# To do
Repeat everything in the listing exactly, except for the images.

# Recorded data
::::::::::

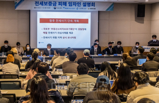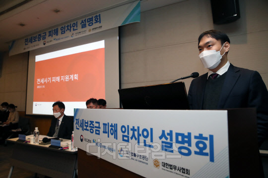 정덕기 국토교통부 임대차지원팀 과장이 10일 서울 여의도 전경련회관에서 열린 전세보증금 피해 임차인 설명회에서 전세사기 피해 지원계획에 대해 발표하고 있다.
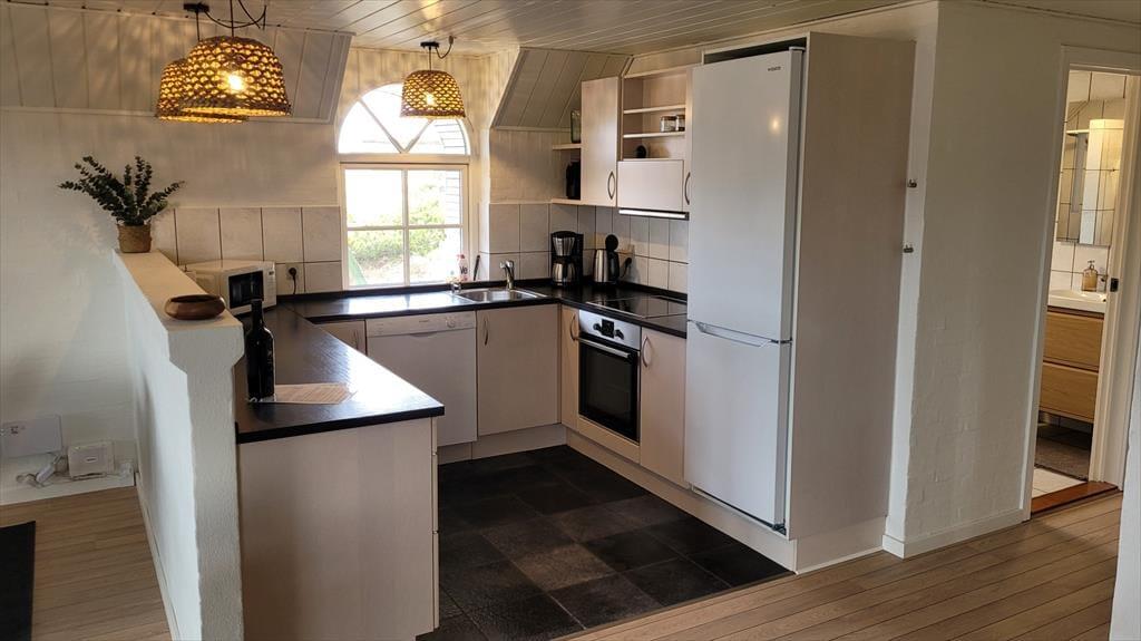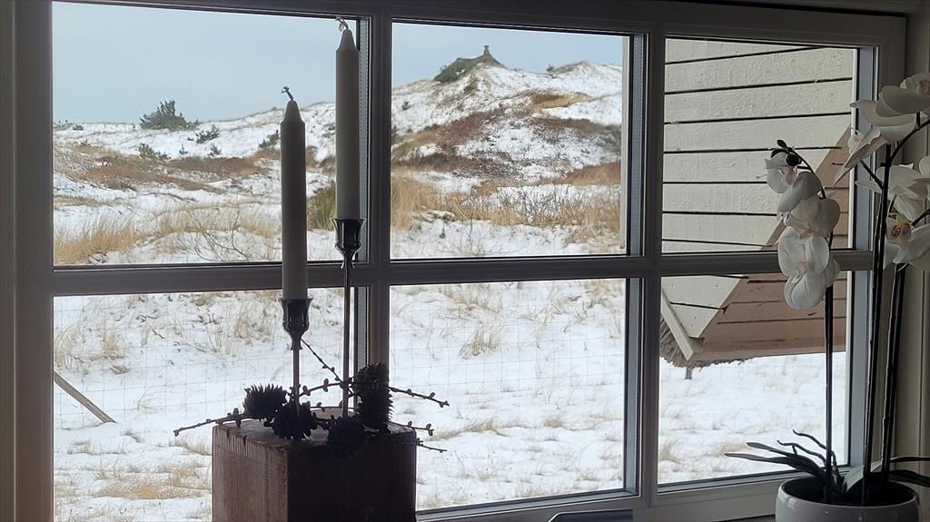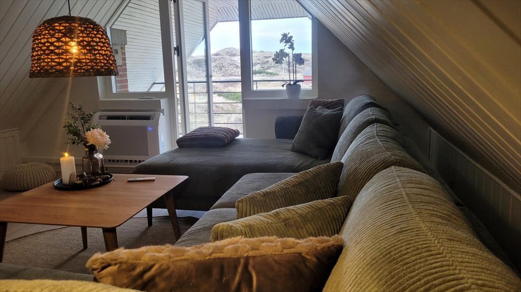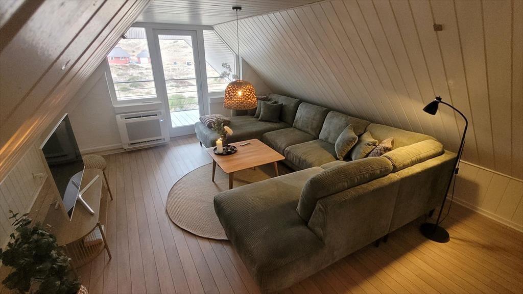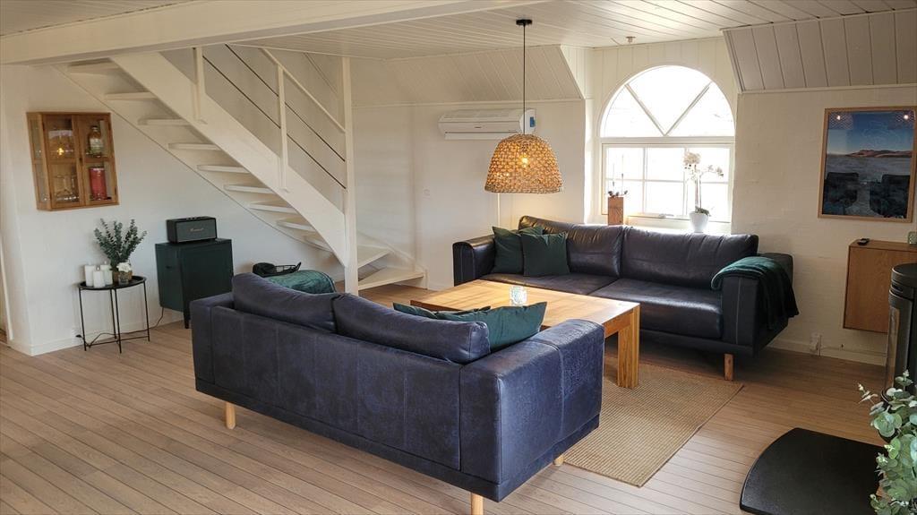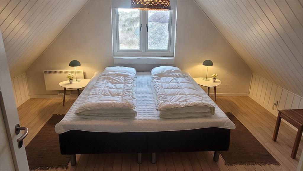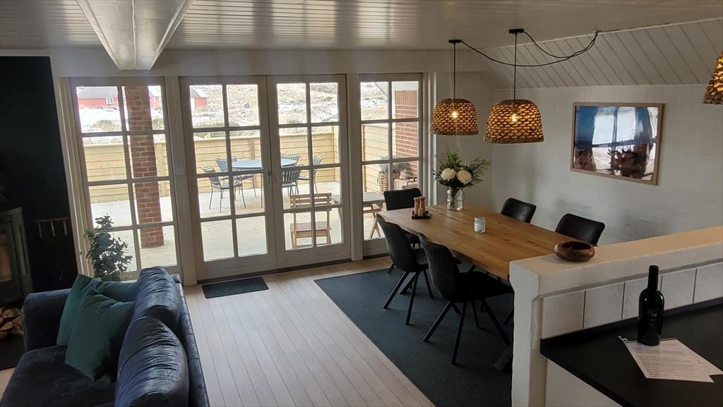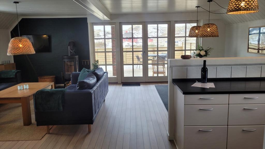 Det store vinduesparti inviterer naturen helt indenfor og lader lyset strømme ind, mens udsigten over klitter og marehalm – så langt øjet rækker – fuldender oplevelsen af idyl og vild natur. Feriehuset er indrettet med sjæl og personlig indretning, som giver en varm og hjemlig atmosfære. Sæt dig godt til rette i sofaen, mærk brændeovnens knitren og lad roen sænke sig. Her er plads til nærvær, samvær og til at tage en tiltrængt pause fra hverdagens stress. Efter en frisk tur ved havet kan I forkæle jer selv i husets spabad og runde dagen af i fuldendt velvære.
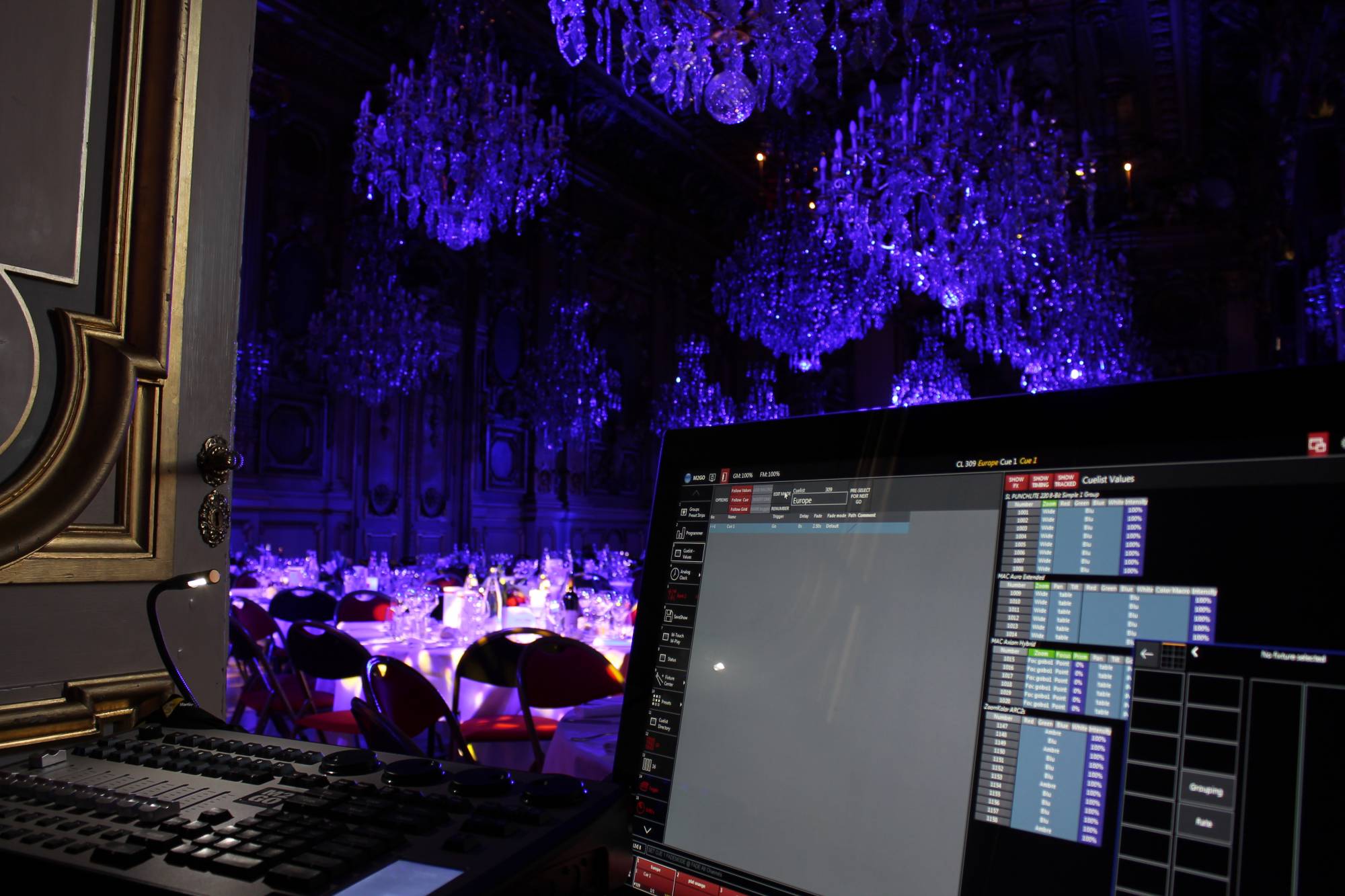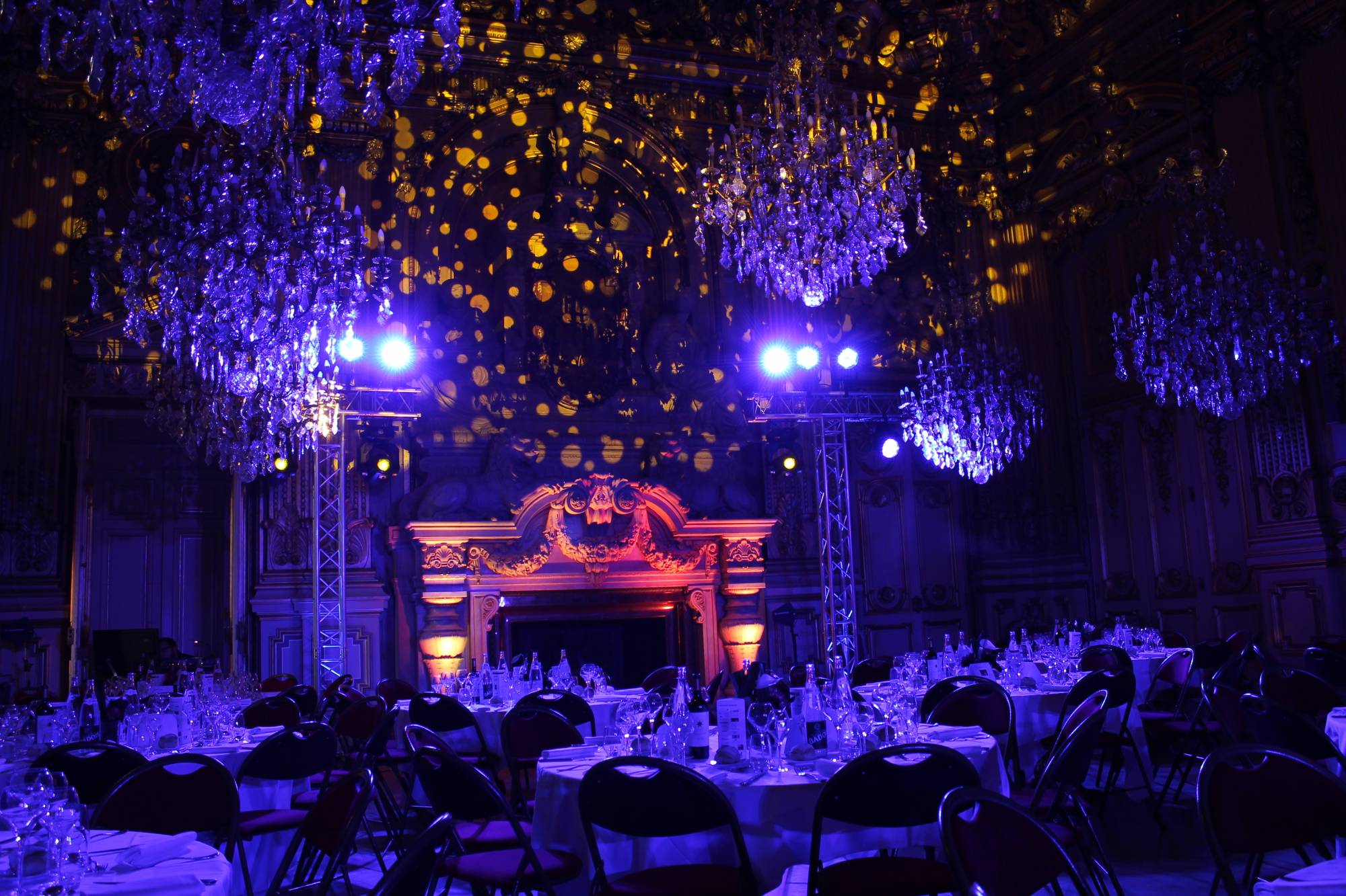 L'équipe de L&Db s’est occupée de toute la conception et de la mise en lumière du salon pour le dîner., ainsi que de la distribution électrique pour le traiteur. Nous avons créé plusieurs tableaux lumineux qui ont évolué au rythme de la soirée. 4 tableaux étaient prévus : un pour l’entrée des invités, un pour le plat, un pour le spectacle et un pour le dessert.

::::::::::

# Written answer
 정덕기 국토교통부 임대차지원팀 과장이 10일 서울 여의도 전경련회관에서 열린 전세보증금 피해 임차인 설명회에서 전세사기 피해 지원계획에 대해 발표하고 있다.
 Det store vinduesparti inviterer naturen helt indenfor og lader lyset strømme ind, mens udsigten over klitter og marehalm – så langt øjet rækker – fuldender oplevelsen af idyl og vild natur. Feriehuset er indrettet med sjæl og personlig indretning, som giver en varm og hjemlig atmosfære. Sæt dig godt til rette i sofaen, mærk brændeovnens knitren og lad roen sænke sig. Her er plads til nærvær, samvær og til at tage en tiltrængt pause fra hverdagens stress. Efter en frisk tur ved havet kan I forkæle jer selv i husets spabad og runde dagen af i fuldendt velvære.
 L'équipe de L&Db s’est occupée de toute la conception et de la mise en lumière du salon pour le dîner., ainsi que de la distribution électrique pour le traiteur. Nous avons créé plusieurs tableaux lumineux qui ont évolué au rythme de la soirée. 4 tableaux étaient prévus : un pour l’entrée des invités, un pour le plat, un pour le spectacle et un pour le dessert.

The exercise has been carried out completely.